Saturday, August 16, 2014

A Telecommuting Model for Rural Communities



I have an idea, not completely original but with my own personal take, that I think might be successful.  There are many rural communities that need ideas for development.  One idea is to build the “mini Silicon Valley.” 

But I think this is too much and a smaller approach might work better.  After all, tech workers can work from pretty much anywhere these days and there is a pretty sizable population that would love to live in the mountains of Vermont or the forests of Appalachia.  But to achieve a Richard Florida type Creative City, you can’t just take a “build it and they will come” attitude.

So here is my idea.  Let’s say a community creates work/live/play spaces customized for the telecommuting tech worker instead of trying to attract the startup itself.  I am imagining small, cozy developments that have mixed housing types (to accommodate single, married, married with kids) and in the center there would be a co-working space complete with receptionist/secretarial support, café, food trucks, and play area.  A town center in the middle of several developments there would have the larger retail and the fun stuff – movies, clubs, or whatever the market demands.  But smaller footprints because the community is not trying to attract a large population.  The downside would be it may be impossible to have the venues that require volume – concerts, sports teams, and that kind of thing.  And there would be no industrial, no office park-sized development, no high rise, nothing that would detract from the rural-ness. 

But the tech support would have to be high end.  A community-wide high bandwidth wi-fi and fiber to the home in all the developments.  The higher income residents should be able to support this. 

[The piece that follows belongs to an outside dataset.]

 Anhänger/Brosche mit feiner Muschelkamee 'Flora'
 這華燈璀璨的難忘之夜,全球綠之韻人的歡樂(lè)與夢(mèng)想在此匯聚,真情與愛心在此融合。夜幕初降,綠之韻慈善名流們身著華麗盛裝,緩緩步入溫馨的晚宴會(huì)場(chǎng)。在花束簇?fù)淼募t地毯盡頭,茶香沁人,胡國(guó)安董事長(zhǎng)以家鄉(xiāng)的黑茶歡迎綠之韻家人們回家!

If they have spouses that are not also telecommuters, there would still be jobs in the retail, the outdoors (ski instructor, forest ranger), government (police), health care (perhaps specialist doctor offices in small buildings and a community hospital with heli-pad to transport the tough cases), and leisure (every brewpub needs a good brewmeister).  Perhaps artisanal farm businesses could fill the local farmers’ market.

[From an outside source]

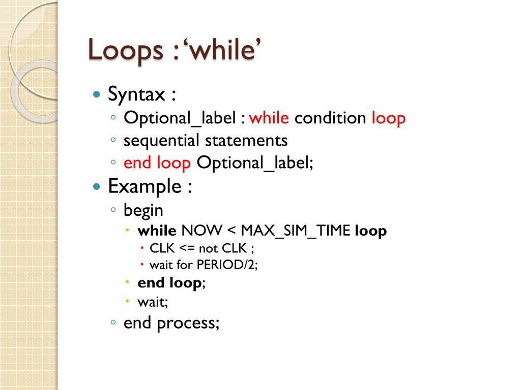 Loops : ‘while’ • Syntax : • Optional_label : whilecondition loop • sequential statements • end loop Optional_label; • Example : • begin • whileNOW < MAX_SIM_TIME loop • CLK <= not CLK ; • wait for PERIOD/2; • end loop; • wait; • end process;

It seems pretty self-contained – which means that it wouldn’t need to grow in order to thrive.  So it wouldn’t ruin the mystique of the rural, out of the way, idyll.  And the idea could be customized for each landscape.  Maybe a beach version.  A plains version.  A desert version.  There aren’t for everyone.  Some people would still want to live in Manhattan, San Francisco, or Boston.  But I would imagine a lot of people who would thrive here.